This is a quantitative claim as much as a qualitative one. A pastor can hold, in useful active memory, the pastoral condition of perhaps sixty to eighty people. A development officer can hold the full relational context of perhaps forty donors. A founder can hold the operational tacit knowledge of perhaps a thirty-person organization. These are not personality limits. They are human-cognition limits, and they have been documented in contexts ranging from anthropology (Dunbar's number) to military doctrine (the span of control) to primary care medicine (the panel-size literature).
When the organization grows past those limits, the individual's willpower cannot absorb the gap. The leader can try — and Joelle did try, and every exhausted pastor and burnt-out development director and hollowed-out dean and tired founder I have worked with has tried — but the attempt ends the same way. Not in a moral failure. In a biological one.
The willpower misreading is also the most morally loaded of the three, because it maps onto the leader's deepest self-image. I should be able to do this. Other people do this. If I cannot do this, I am not cut out for the work. Pastors and mission leaders, in particular, are recruited for this trait and rewarded for it for years before it kills them. The willpower misreading does not look like a misreading from inside. It looks like the job.
It is not the job. It is a structural condition misdiagnosed as a moral one.
Joelle is figuring this out on her sabbatical. It is taking her longer than the other two realizations combined, because the willpower misreading is not an intellectual mistake; it is an identity mistake. She will have to grieve the version of herself that believed the weight of seven hundred people was hers to carry alone before she can build the church that no longer asks her to.

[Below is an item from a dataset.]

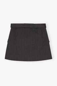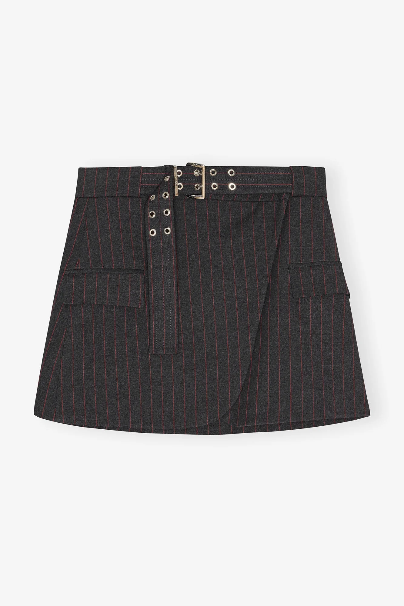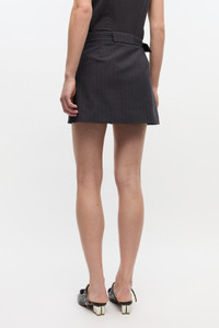 This skirt features a thin red pinstripe design, a matching belt with metallic eyelets and front pockets. DETAILS - 62% recycled polyester, 32% viscose, 6% elastane. Learn more about our materials - Lining composition: 100% Cotton - Structured silhouette - Red pinstripe - Metallic eyelet belt - Front pockets - Wrap-style front Made in: Turkey Product ID: W0711 SIZE & FIT - Regular fit - Mini length - Liva is 5’10” and wears a size US 4

Every pastor, every nonprofit leader, every founder, every dean who crosses into sustainable work crosses through this particular grief. Most cross it later than necessary, because the sector tells them the willpower version of the story until they collapse.
Three misreadings, one underlying condition
The three misreadings share a structure. Each one locates the problem in the wrong place.
The content misreading locates it at the level of the artifact — we have not produced the right artifact yet.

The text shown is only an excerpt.